Abbas Fig. 1-19 Phases of adaptive immune response. An adaptive immune response consists of distinct phases; the first three are recognition of antigen, activation of lymphocytes, and elimination of antigen (effector phase). The response declines as antigenstimulated lymphocytes die by apoptosis, restoring the baseline steady state called homeostasis, and the antigen-specific cells that survive are responsible for memory. The duration of each phase may vary in different immune responses. These principles apply to both humoral immunity (mediated by B lymphocytes) and cell-mediated immunity (mediated by T lymphocytes). humoral immunity - the adaptive immune response mediated by antibodies produced by plasma cells, is principle mechanism of defense against extracellular microbes and toxins cell mediated immunity the adaptive immune response mediated by T lymphocytes, serves as a defense mechanism against intracellular microbes in addition to unhealthy host cells.

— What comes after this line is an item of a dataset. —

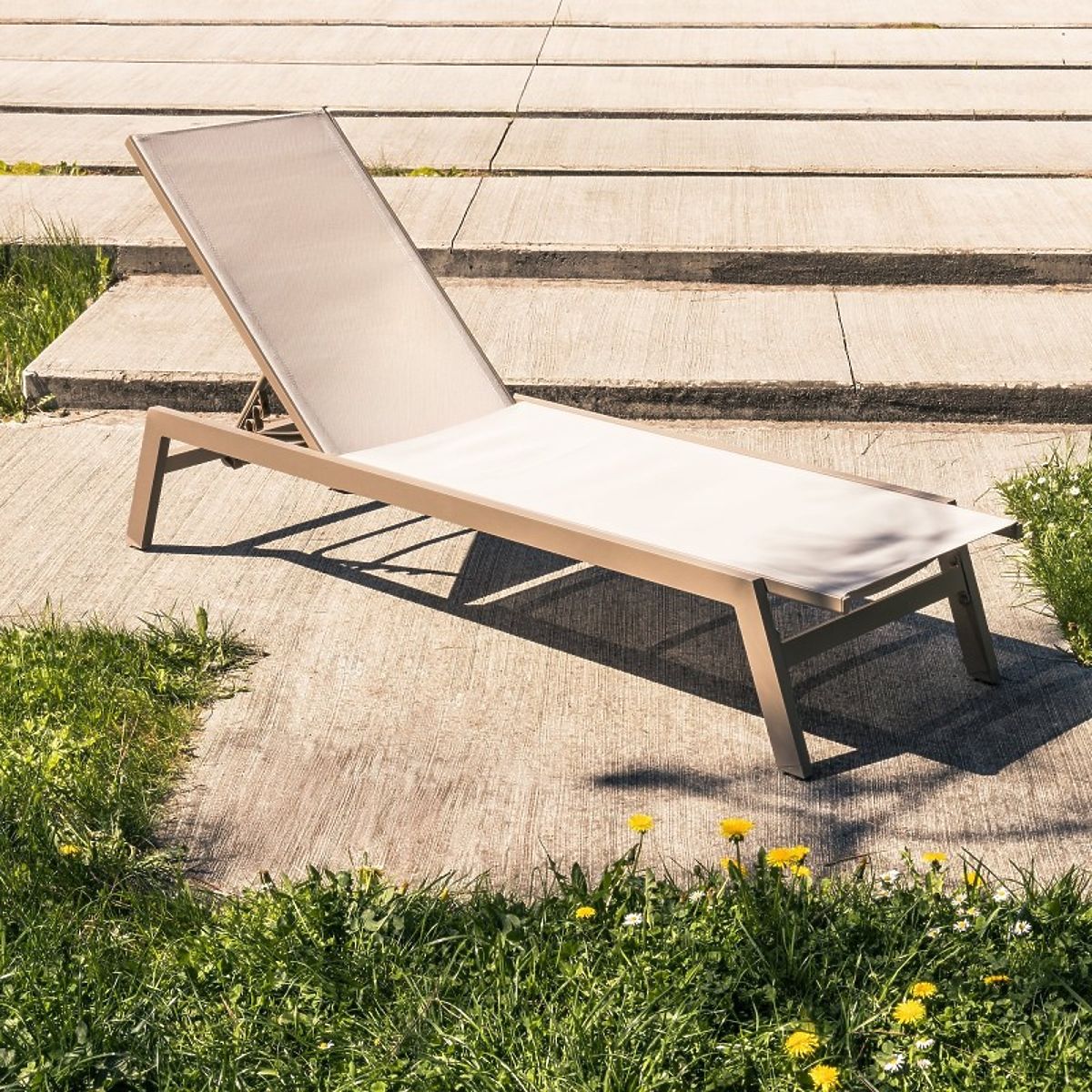 Verstellbare Gartenliege Shelly aus Aluminium und Polyester. .. mehr

Introduction to Innate Immunity As described in Abbas Fig. 1-3, the innate immune system provides an initial defense against microbes, as adaptive (or acquired) immunity typically requires up to 4-5 days to be effective. Cells of the innate immune system are essential for the initial protective inflammatory responses against invading organisms, and for the communication to the adaptive immune system regarding the presence of infection. Receptors used in innate immunity are confined to molecules typically associated with pathogens, and are neither strain nor pathogen specific. Recognition of microbial pathogens is mediated by pattern recognition receptors. These receptors recognize specific pathogen-associated molecular motifs/patterns (PAMPs). For example, lipopolysaccharide (LPS) is a PAMP characteristic of Gram-negative bacteria. Upon binding of the pathogen associated ligands, these receptors of innate immune cells activate a cascade of intracellular events resulting in the production of a large array of effectors molecules, including pro-inflammatory mediators. Among these mediators, the cytokines play an essential role in orchestrating the responses designed to eradicate the pathogens. One innate immune cell typically contains many pattern recognition receptors. In contrast to cells of innate immunity, cells of adaptive immunity (e.g. B-cells and T-cells) recognize pathogens by very specific receptors. Each B- or T-cell can only recognize one specific structure on the pathogen. The generation of these B-cell and T-cell receptors will be discussed later in the course, yet it involves a unique mechanism for recombining DNA, the genes for these B-cell and T-cell receptors are not inherited in the germline. Abbas Figure 02-01. Specificity and receptors of innate immunity and adaptive immunity. This figure summarizes the important features of the specificity and receptors of innate and adaptive immunity, with select examples illustrated. Ig, Immunoglobulin (antibody); TCR, T cell receptor.